Das Thatha and his wife Packiamma moved down with us from the mountains to build a new life on a flat piece of land near Bodi. After we finished the bore wells and gravity fed tanks, Das dug holes in the unforgiving clay and planted spindly saplings, each stretching up from its crumbling plastic bag. Year after year, Das shuffled along with his sun burnt hose and filled the little depressions around each tree. He would often talk to himself during those long hours.
“Here I am, a poor old man watering you trees, and what do you give me? Not even a little coconut or mango. You are just useless fellows who suck up all my water and refuse to bloom.”
The little saplings filled out as the seasons passed: the feminine curves of the Royal Palms, the green and yellow stripes of the bamboo, the rain trees with their powder puff flowers, the cassias with yellow butterflies in chains, red orange flamboyant blossoms burning across the canopy, copper pods bearing yellow panicles buzzing with bees, wispy peacock flowers, waxy plumerias with their sunny scent, jewel-toned cataracts of bougainvillea spilling over the fence.
And always after a big soaking rain, Das would emerge from his house smiling. He would raise both of his aching arms towards heaven.
“See what God has sent! Lumps and lumps of rain. Everything is so green. Das Thatha won’t have to water for a week. Maybe even two.”
This year the farmers in our taluk planted millet and beans in August, two months after the pokey Southwest Monsoon had set in. The millet spouted, a thousand points of dewy green, rising.

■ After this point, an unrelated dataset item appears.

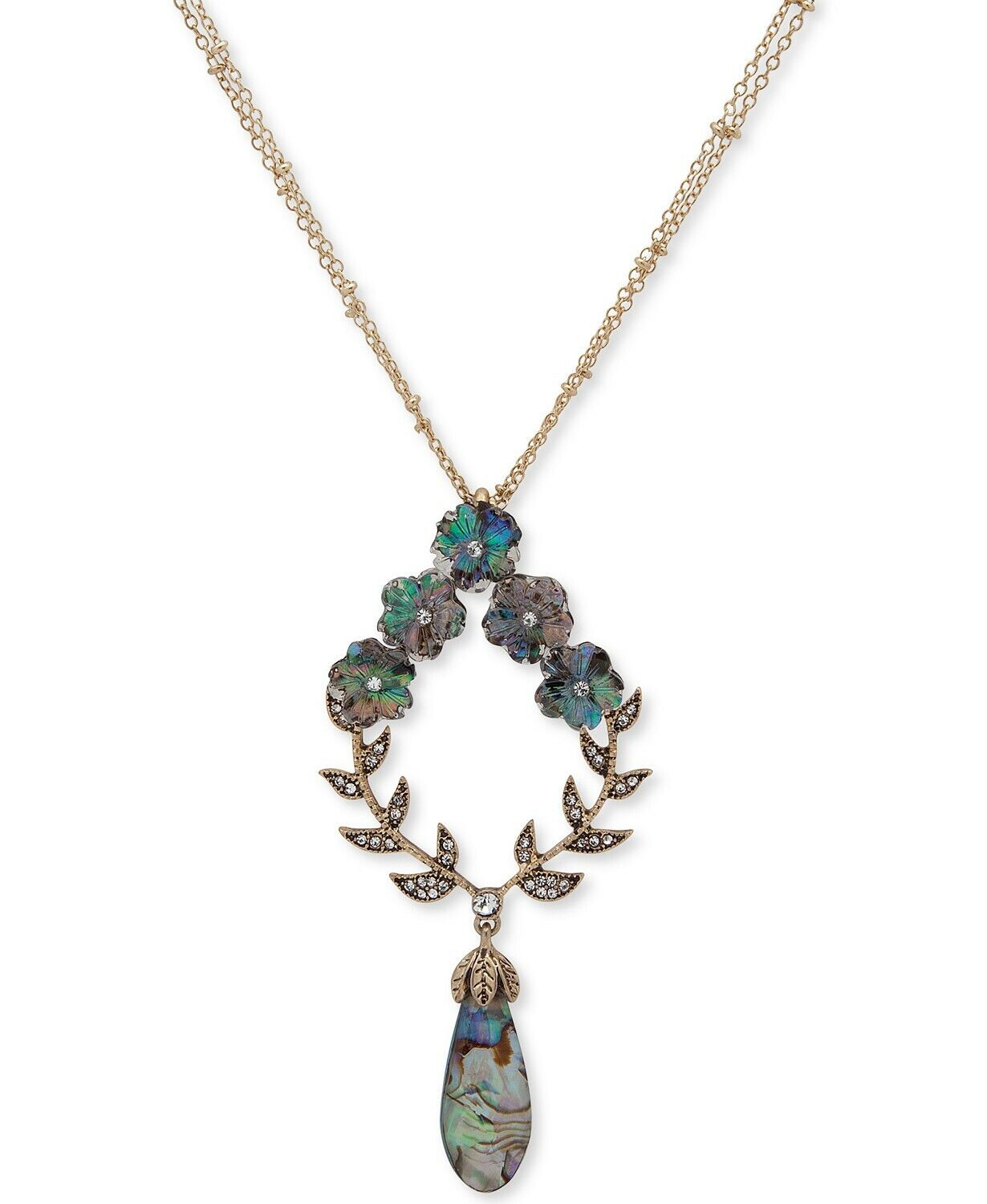 lonna lilly Gold-Tone Flower Stone Pendant Blue

A month went by. No rain. The soil’s moisture reserves waned. Another month. Half of the plants evaporated while the rest struggled to live for one more day. By October 15 when the Northeast Monsoon was supposed to set in, there was a small rain. Many farmers ploughed their failed crops under and replanted with green millet. Perhaps now the rains would be steady.
All the other regions of the country were wet. The north faced deadly floods. India’s great rivers were in spate. The rice fields of the Cumbum valley were breaking records.. On November 15, a deep depression moved across our state from the Bay of Bengal bringing us hope. Soaking rain to the north in Pondicherry and south in Thirunelvelli For us in the middle, just a tease enough to wet the cheeks.
By now, two thirds of the crop had withered into a tan crisp. Though the weather channels kept saying 80% chance of rain, the clouds withheld their blessings.
On the night of the 23rd November, exactly one year after Das’s passing, we were awakened by the pre-dawn hiss of rain on our trees. Water gushed from the spouts and slapped down upon the tiles of the courtyard.By morning, monsoon frogs were engaged in a massive neighborhood orgy. The little pools around each tree were brimming. The millet that had survived drunk in the rain. The crops had been saved.
Emerging from our house, we could almost see old Das’s smile as he raised his arms to heaven.
“See what God has sent! Lumps and lumps of rain. Everything is so green. Das Thatha won’t have to water for a whole week. Maybe even two.”